AIM OF THE TASK ->
Here is a set of records. Copy them all exactly.
• • • • • • •
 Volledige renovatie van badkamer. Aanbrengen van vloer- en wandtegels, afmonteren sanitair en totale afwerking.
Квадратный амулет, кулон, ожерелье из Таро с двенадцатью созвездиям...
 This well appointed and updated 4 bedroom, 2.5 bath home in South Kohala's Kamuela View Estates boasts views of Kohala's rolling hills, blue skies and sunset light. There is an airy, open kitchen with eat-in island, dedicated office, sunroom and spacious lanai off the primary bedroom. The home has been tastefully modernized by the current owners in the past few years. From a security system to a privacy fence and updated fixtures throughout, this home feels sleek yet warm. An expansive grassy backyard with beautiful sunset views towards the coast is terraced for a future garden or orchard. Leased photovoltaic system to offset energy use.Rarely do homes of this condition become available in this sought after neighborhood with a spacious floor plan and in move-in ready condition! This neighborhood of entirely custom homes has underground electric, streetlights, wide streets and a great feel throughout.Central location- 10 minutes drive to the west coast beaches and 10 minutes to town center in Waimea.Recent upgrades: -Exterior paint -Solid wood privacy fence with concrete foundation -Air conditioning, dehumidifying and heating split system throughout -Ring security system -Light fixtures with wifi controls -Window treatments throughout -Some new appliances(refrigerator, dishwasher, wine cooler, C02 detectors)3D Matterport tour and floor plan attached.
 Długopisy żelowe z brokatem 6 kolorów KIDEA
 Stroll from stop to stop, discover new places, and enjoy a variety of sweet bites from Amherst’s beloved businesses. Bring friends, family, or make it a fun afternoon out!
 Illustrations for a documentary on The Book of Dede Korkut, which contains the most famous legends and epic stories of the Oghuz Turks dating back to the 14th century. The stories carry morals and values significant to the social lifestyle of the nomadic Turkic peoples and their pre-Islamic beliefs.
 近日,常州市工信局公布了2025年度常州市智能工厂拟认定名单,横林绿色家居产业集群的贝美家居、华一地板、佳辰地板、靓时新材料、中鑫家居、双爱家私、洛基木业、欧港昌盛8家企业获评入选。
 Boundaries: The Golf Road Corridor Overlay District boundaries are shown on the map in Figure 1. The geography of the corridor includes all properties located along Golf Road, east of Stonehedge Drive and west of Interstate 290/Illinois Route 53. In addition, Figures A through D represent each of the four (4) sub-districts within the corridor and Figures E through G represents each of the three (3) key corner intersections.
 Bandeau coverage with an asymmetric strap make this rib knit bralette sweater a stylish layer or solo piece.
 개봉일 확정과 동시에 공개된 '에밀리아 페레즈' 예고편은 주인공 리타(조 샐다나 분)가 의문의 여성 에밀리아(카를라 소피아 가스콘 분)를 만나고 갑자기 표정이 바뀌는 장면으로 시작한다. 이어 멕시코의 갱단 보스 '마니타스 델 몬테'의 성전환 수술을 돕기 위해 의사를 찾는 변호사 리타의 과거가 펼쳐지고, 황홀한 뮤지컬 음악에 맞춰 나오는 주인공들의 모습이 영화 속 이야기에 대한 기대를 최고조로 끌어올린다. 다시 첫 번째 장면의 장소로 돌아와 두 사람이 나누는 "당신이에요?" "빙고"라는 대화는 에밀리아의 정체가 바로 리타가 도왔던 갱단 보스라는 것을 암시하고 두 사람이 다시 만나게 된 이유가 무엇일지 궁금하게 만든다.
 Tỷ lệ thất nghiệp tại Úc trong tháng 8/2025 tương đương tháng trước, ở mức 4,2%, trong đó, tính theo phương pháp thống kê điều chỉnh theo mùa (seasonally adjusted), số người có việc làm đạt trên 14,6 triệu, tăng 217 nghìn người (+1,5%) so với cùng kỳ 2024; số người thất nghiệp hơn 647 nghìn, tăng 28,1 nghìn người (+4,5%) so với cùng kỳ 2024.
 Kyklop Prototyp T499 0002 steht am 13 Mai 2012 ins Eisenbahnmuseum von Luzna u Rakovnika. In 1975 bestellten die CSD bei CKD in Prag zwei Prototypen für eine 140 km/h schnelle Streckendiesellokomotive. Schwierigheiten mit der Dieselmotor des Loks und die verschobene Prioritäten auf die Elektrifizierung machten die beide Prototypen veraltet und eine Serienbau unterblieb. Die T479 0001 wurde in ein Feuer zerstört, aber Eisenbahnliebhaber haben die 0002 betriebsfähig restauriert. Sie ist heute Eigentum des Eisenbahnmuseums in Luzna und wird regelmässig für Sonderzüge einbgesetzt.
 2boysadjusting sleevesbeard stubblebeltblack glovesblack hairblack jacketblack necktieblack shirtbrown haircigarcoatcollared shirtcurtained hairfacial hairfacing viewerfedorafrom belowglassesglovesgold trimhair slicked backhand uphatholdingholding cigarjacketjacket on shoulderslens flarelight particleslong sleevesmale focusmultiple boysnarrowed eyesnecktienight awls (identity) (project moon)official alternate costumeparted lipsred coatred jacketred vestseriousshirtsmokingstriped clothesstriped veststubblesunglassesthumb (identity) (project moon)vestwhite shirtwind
• • • • • • •
YOUR RESPONSE ->
 Volledige renovatie van badkamer. Aanbrengen van vloer- en wandtegels, afmonteren sanitair en totale afwerking.
Квадратный амулет, кулон, ожерелье из Таро с двенадцатью созвездиям...
 This well appointed and updated 4 bedroom, 2.5 bath home in South Kohala's Kamuela View Estates boasts views of Kohala's rolling hills, blue skies and sunset light. There is an airy, open kitchen with eat-in island, dedicated office, sunroom and spacious lanai off the primary bedroom. The home has been tastefully modernized by the current owners in the past few years. From a security system to a privacy fence and updated fixtures throughout, this home feels sleek yet warm. An expansive grassy backyard with beautiful sunset views towards the coast is terraced for a future garden or orchard. Leased photovoltaic system to offset energy use.Rarely do homes of this condition become available in this sought after neighborhood with a spacious floor plan and in move-in ready condition! This neighborhood of entirely custom homes has underground electric, streetlights, wide streets and a great feel throughout.Central location- 10 minutes drive to the west coast beaches and 10 minutes to town center in Waimea.Recent upgrades: -Exterior paint -Solid wood privacy fence with concrete foundation -Air conditioning, dehumidifying and heating split system throughout -Ring security system -Light fixtures with wifi controls -Window treatments throughout -Some new appliances(refrigerator, dishwasher, wine cooler, C02 detectors)3D Matterport tour and floor plan attached.
 Długopisy żelowe z brokatem 6 kolorów KIDEA
 Stroll from stop to stop, discover new places, and enjoy a variety of sweet bites from Amherst’s beloved businesses. Bring friends, family, or make it a fun afternoon out!
 Illustrations for a documentary on The Book of Dede Korkut, which contains the most famous legends and epic stories of the Oghuz Turks dating back to the 14th century. The stories carry morals and values significant to the social lifestyle of the nomadic Turkic peoples and their pre-Islamic beliefs.
 近日,常州市工信局公布了2025年度常州市智能工厂拟认定名单,横林绿色家居产业集群的贝美家居、华一地板、佳辰地板、靓时新材料、中鑫家居、双爱家私、洛基木业、欧港昌盛8家企业获评入选。
 Boundaries: The Golf Road Corridor Overlay District boundaries are shown on the map in Figure 1. The geography of the corridor includes all properties located along Golf Road, east of Stonehedge Drive and west of Interstate 290/Illinois Route 53. In addition, Figures A through D represent each of the four (4) sub-districts within the corridor and Figures E through G represents each of the three (3) key corner intersections.
 Bandeau coverage with an asymmetric strap make this rib knit bralette sweater a stylish layer or solo piece.
 개봉일 확정과 동시에 공개된 '에밀리아 페레즈' 예고편은 주인공 리타(조 샐다나 분)가 의문의 여성 에밀리아(카를라 소피아 가스콘 분)를 만나고 갑자기 표정이 바뀌는 장면으로 시작한다. 이어 멕시코의 갱단 보스 '마니타스 델 몬테'의 성전환 수술을 돕기 위해 의사를 찾는 변호사 리타의 과거가 펼쳐지고, 황홀한 뮤지컬 음악에 맞춰 나오는 주인공들의 모습이 영화 속 이야기에 대한 기대를 최고조로 끌어올린다. 다시 첫 번째 장면의 장소로 돌아와 두 사람이 나누는 "당신이에요?" "빙고"라는 대화는 에밀리아의 정체가 바로 리타가 도왔던 갱단 보스라는 것을 암시하고 두 사람이 다시 만나게 된 이유가 무엇일지 궁금하게 만든다.
 Tỷ lệ thất nghiệp tại Úc trong tháng 8/2025 tương đương tháng trước, ở mức 4,2%, trong đó, tính theo phương pháp thống kê điều chỉnh theo mùa (seasonally adjusted), số người có việc làm đạt trên 14,6 triệu, tăng 217 nghìn người (+1,5%) so với cùng kỳ 2024; số người thất nghiệp hơn 647 nghìn, tăng 28,1 nghìn người (+4,5%) so với cùng kỳ 2024.
 Kyklop Prototyp T499 0002 steht am 13 Mai 2012 ins Eisenbahnmuseum von Luzna u Rakovnika. In 1975 bestellten die CSD bei CKD in Prag zwei Prototypen für eine 140 km/h schnelle Streckendiesellokomotive. Schwierigheiten mit der Dieselmotor des Loks und die verschobene Prioritäten auf die Elektrifizierung machten die beide Prototypen veraltet und eine Serienbau unterblieb. Die T479 0001 wurde in ein Feuer zerstört, aber Eisenbahnliebhaber haben die 0002 betriebsfähig restauriert. Sie ist heute Eigentum des Eisenbahnmuseums in Luzna und wird regelmässig für Sonderzüge einbgesetzt.
 2boysadjusting sleevesbeard stubblebeltblack glovesblack hairblack jacketblack necktieblack shirtbrown haircigarcoatcollared shirtcurtained hairfacial hairfacing viewerfedorafrom belowglassesglovesgold trimhair slicked backhand uphatholdingholding cigarjacketjacket on shoulderslens flarelight particleslong sleevesmale focusmultiple boysnarrowed eyesnecktienight awls (identity) (project moon)official alternate costumeparted lipsred coatred jacketred vestseriousshirtsmokingstriped clothesstriped veststubblesunglassesthumb (identity) (project moon)vestwhite shirtwind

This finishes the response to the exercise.